Now you might wonder if there is a bound on the number of gates we will need to represent any arbitrary boolean expression of n bits. That is, if we have any arbitrary boolean function of n bits, what is the smallest size of the circuit we can build to represent it? Using the approach above, we definitely know that it can be done in at most $O(n\cdot2^n)$ bits, but can we come up with a better bound?

Proving that a specific circuit definitely needs an exponential number of gates and it cannot be represented in any fewer is an open problem. If you think about it, it’s the same as P vs NP. If you build a circuit to represent an NP-complete problem, you can’t prove that it needs an exponential number of gates (at least no one has proven it yet), and proving it would be the same as proving $ P \ne NP $.
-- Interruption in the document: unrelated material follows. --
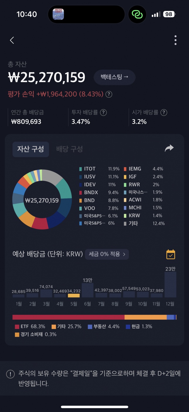 그동안 너무 안전자산에 투자한 것 같기도 해서 주식 쪽으로 눈을 돌렸었는데 아는게 없어서 고민 중이었는데요. 유투브로 수학 증명하는 영상 보는데 어떤 분이 참 신박하게 잘 하시더라고요. 구독자가 금방 늘더니 자신이 어떤 사람인지 밝혔는데 미국에서 수학 박사하고 한국 스타트업에서 투자 알고리즘을 만들고 있다고 하더라고요. 핀트라는 앱이었는데... 그래서 오 이런 사람이면 좀 잘 만들 것 같아! 라고 생각하고 약 1년 전부터 매주 30씩 넣어봤는데 생각보다 수익률이 잘 나왔어요. 근데 23년은 어차피 장이 좋았잖아요.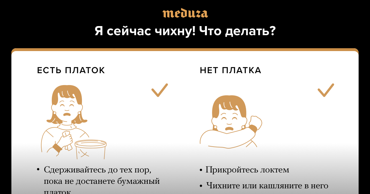 Чтобы никого не заразить, нужно правильно чихать и кашлять. Распечатайте этот плакат и повесьте на видном месте

However, we can prove that a majority of boolean expressions need a circuit of exponential size. Sure, there are some boolean expressions for which we can have as small circuit, but most require a large circuit. This was proven by Claude Shannon in 1949 using a counting argument.

The gist of the argument is as follows - we count the number of boolean expressions which take n bits as input, we count the number of circuits that we can build using n inputs of size $S$, and we compare the two quantities to realize how large $S$ has to be to equal the number of boolean expressions with n inputs.

The number of boolean expressions that take n bits as input is $2^{2^{n}}$. This is because for an n bit boolean expression, the truth table has $2^n$ rows. Now for each row, the output value could be 0 or 1, so the number of possible truth tables is $2^{2^{n}}$.

Now, let’s say we want to build a circuit of size $S$, which takes n bits as input. The number of circuits of size 1 which take n bits as input is just $nC2$, since any 2 input bits could be used as the input to a gate. Similarly, the number of circuits of size 2 is ${n \choose 2} \cdot {(n+1) \choose 2}$, since adding the first gate creates a new input to which we can attach the second gate. If we keep going, we find that the number of circuits of size $S$ using n inputs is ${n \choose 2} \cdot {(n+1) \choose 2} \cdot … \cdot {(n+S-1) \choose 2}$. We can approximate this to be at most $(n+S)^{2S}$.

Now we want

$ (n+S)^{2S} = 2^{2^{n}} $

Which gives us

$ S = \Theta(\frac{2^n}{n}) $

This means that to represent a boolean expression with n inputs, most circuits will have to be of size $ S = \Theta(\frac{2^n}{n}) $.